THE PROBLEM ::
Print every record exactly, omitting all pictures.

DATA FOR REVIEW ::
====

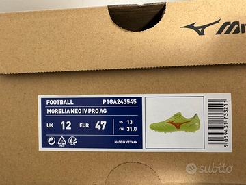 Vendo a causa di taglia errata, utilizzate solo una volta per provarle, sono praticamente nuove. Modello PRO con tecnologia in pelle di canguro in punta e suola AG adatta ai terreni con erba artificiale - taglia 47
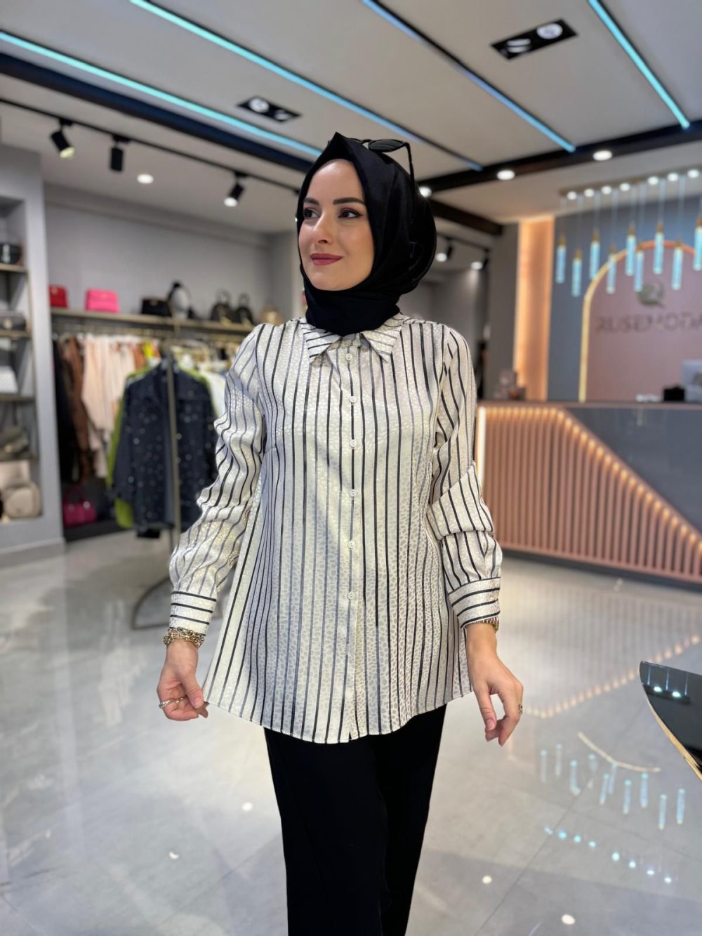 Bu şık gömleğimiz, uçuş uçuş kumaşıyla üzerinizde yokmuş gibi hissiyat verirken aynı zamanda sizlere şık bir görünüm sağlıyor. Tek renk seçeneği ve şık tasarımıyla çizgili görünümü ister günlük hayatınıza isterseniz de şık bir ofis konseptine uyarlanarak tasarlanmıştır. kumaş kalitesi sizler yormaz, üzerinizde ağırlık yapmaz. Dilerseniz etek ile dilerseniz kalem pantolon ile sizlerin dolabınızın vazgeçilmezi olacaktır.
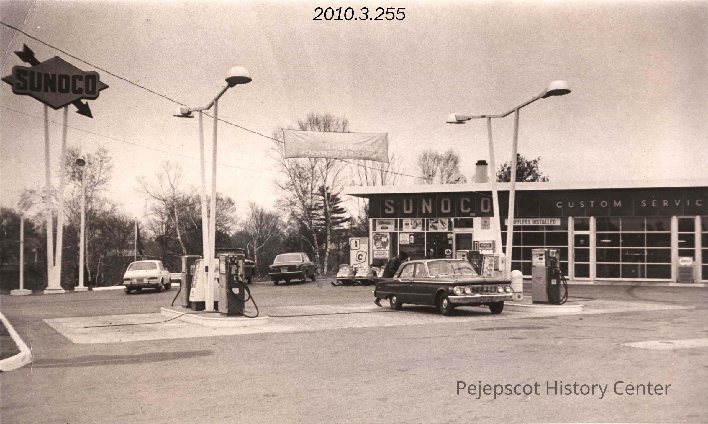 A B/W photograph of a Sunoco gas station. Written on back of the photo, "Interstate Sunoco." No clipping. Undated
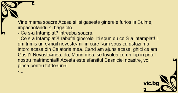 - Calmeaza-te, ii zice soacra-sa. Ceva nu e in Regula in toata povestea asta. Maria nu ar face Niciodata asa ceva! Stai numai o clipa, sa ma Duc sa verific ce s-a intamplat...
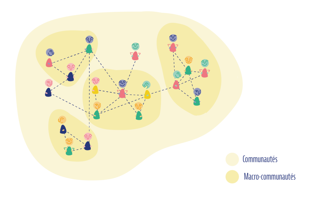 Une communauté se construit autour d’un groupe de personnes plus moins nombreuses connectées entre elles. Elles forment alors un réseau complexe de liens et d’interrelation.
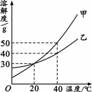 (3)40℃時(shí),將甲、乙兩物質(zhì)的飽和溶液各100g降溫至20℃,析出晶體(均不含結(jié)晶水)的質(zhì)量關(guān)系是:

====

WRITTEN RESPONSE ::
 Vendo a causa di taglia errata, utilizzate solo una volta per provarle, sono praticamente nuove. Modello PRO con tecnologia in pelle di canguro in punta e suola AG adatta ai terreni con erba artificiale - taglia 47
 Bu şık gömleğimiz, uçuş uçuş kumaşıyla üzerinizde yokmuş gibi hissiyat verirken aynı zamanda sizlere şık bir görünüm sağlıyor. Tek renk seçeneği ve şık tasarımıyla çizgili görünümü ister günlük hayatınıza isterseniz de şık bir ofis konseptine uyarlanarak tasarlanmıştır. kumaş kalitesi sizler yormaz, üzerinizde ağırlık yapmaz. Dilerseniz etek ile dilerseniz kalem pantolon ile sizlerin dolabınızın vazgeçilmezi olacaktır.
 A B/W photograph of a Sunoco gas station. Written on back of the photo, "Interstate Sunoco." No clipping. Undated
 - Calmeaza-te, ii zice soacra-sa. Ceva nu e in Regula in toata povestea asta. Maria nu ar face Niciodata asa ceva! Stai numai o clipa, sa ma Duc sa verific ce s-a intamplat...
 Une communauté se construit autour d’un groupe de personnes plus moins nombreuses connectées entre elles. Elles forment alors un réseau complexe de liens et d’interrelation.
 (3)40℃時(shí),將甲、乙兩物質(zhì)的飽和溶液各100g降溫至20℃,析出晶體(均不含結(jié)晶水)的質(zhì)量關(guān)系是:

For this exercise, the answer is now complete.